December 2, 2013 - The New Yorker
Posted by Maria Konnikova
“6 TITANIC SURVIVORS WHO SHOULD HAVE DIED.” “THESE 9 NAZI ATROCITIES WILL MAKE YOU LOSE FAITH IN HUMANITY.” “5 INSANE PLANS FOR FEEDING WEST BERLIN YOU WON’T BELIEVE ARE REAL.”
These are just some of the lists that the comic strip “XKCD” recently joked would result from retrofitting the twentieth century’s most newsworthy events with modern, Internet-style headlines. Despite the growing derision of listicles exemplified by the comic, numbered lists—a venerable media format—have become one of the most ubiquitous ways to package content on the Web.
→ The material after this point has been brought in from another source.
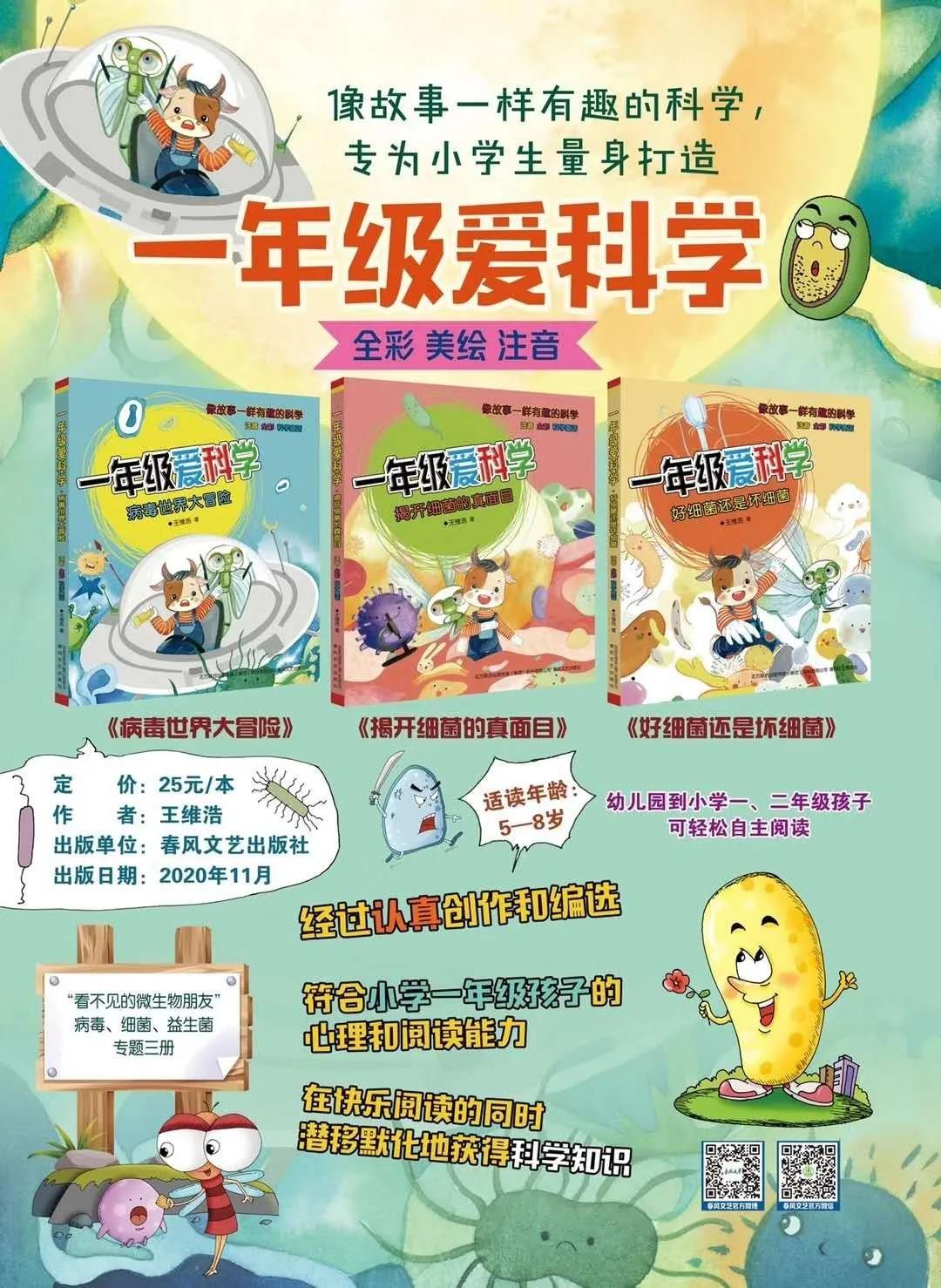 春風文藝出版社出版王維浩編繪的《好細菌還是壞細菌》《揭開細菌的真面目》和《病毒世界大冒險》(《一年級愛科學》系列)。這套關于病毒、細菌和益生菌的科學童話,是王維浩在新冠病毒疫情期間接到出版社約稿后,花了整整一個月時間創作的。

Why do we find them so appealing?
The article-as-numbered-list has several features that make it inherently captivating: the headline catches our eye in a stream of content; it positions its subject within a preëxisting category and classification system, like “talented animals”; it spatially organizes the information; and it promises a story that’s finite, whose length has been quantified upfront. Together, these create an easy reading experience, in which the mental heavy lifting of conceptualization, categorization, and analysis is completed well in advance of actual consumption—a bit like sipping green juice instead of munching on a bundle of kale. And there’s little that our brains crave more than effortlessly acquired data.